Legal basis: consent (Art. 6 (1) lit. a GDPR).
More info: LinkedIn Privacy Policy.

5. Data Retention

We store personal data only as long as necessary for the intended purpose or as required by statutory retention periods.

6. Data Subject Rights

Under GDPR / UK GDPR / revDSG / CCPA, you have the following rights:

  • Right of access (Art. 15 GDPR)

  • Right to rectification (Art. 16 GDPR)

  • Right to erasure (“Right to be forgotten”, Art. 17 GDPR)

  • Right to restriction (Art. 18 GDPR)

  • Right to data portability (Art. 20 GDPR)

  • Right to object (Art. 21 GDPR)

  • Right to withdraw consent (Art. 7 (3) GDPR)

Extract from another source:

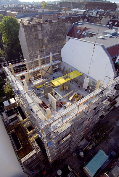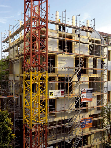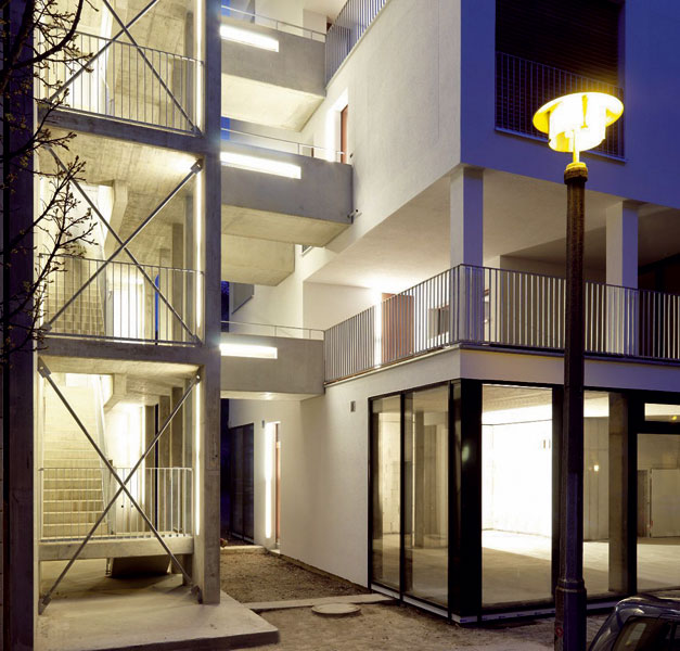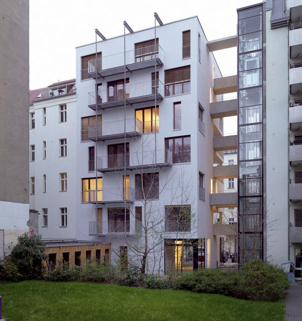 Prvý nemecký obytný dom s výškou 22 m s nosnou konštrukciou celou z dreva vznikol v berlínskej mestskej časti Prenzlauer Berg. Pretože v predpisoch stavebného poriadku takáto stavba doteraz nebola upravená, pri projektovaní a schvaľovaní tejto sedempodlažnej budovy sa centrálnou témou stala požiarna ochrana. Zabezpečila sa premyslenou koncepciou s použitím vysokoúčinného protipožiarneho opláštenia. Už na začiatku projektu vypracovala spoločnosť Dehne, Kruse Brandschutzingenieure, GmbH & Co. KG, pre stavebný projekt celkovú koncepciu požiarnej ochrany, ktorú do projektu nosnej konštrukcie preniesol profesor Julius Natterer. Na základe prípravných prác, intenzívnej spolupráce s úradom mestskej časti Berlín – Pankow a včasného odsúhlasenia projektu boli architekti schopní svoj avantgardný projekt presadiť.
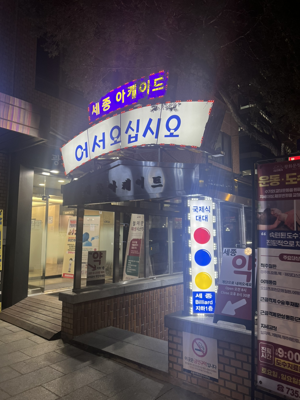 세종빌딩은 로얄빌딩 옆에 위치한 건물로, KMI건강검진센터가 있는 건물이다. 1983년 설립되어 지하 아케이드 중에서도 비교적 세월의 흔적이 묻어있는 곳이기도 하다. 오징어야채를 볶아주는 석정, 소국밥집, 육회비빔밥, 세종슈퍼 같은 곳들이 있는데, 해장하기 좋은 메뉴들을 소개한다.

  • California residents: Right to opt-out of sale/sharing of data, Right to know, Right to deletion (per CCPA/CPRA).

7. Data Security

We implement technical and organizational measures (Art. 32 GDPR) to protect your data (SSL encryption, access controls, backups).

8. Data Transfers

Transfers to third parties occur only when necessary for contract fulfillment (Art. 6 (1) lit. b GDPR) or based on legal obligations.
Transfers to third countries (e.g. USA) are based on adequacy decisions (e.g. EU-U.S. Data Privacy Framework) or standard contractual clauses.

9. Data Protection Officer

Achim Quaken
Email: a.quaken@efrexx.com

10. Changes to this Privacy Policy

We may update this Privacy Policy to reflect legal changes or adjustments to our services.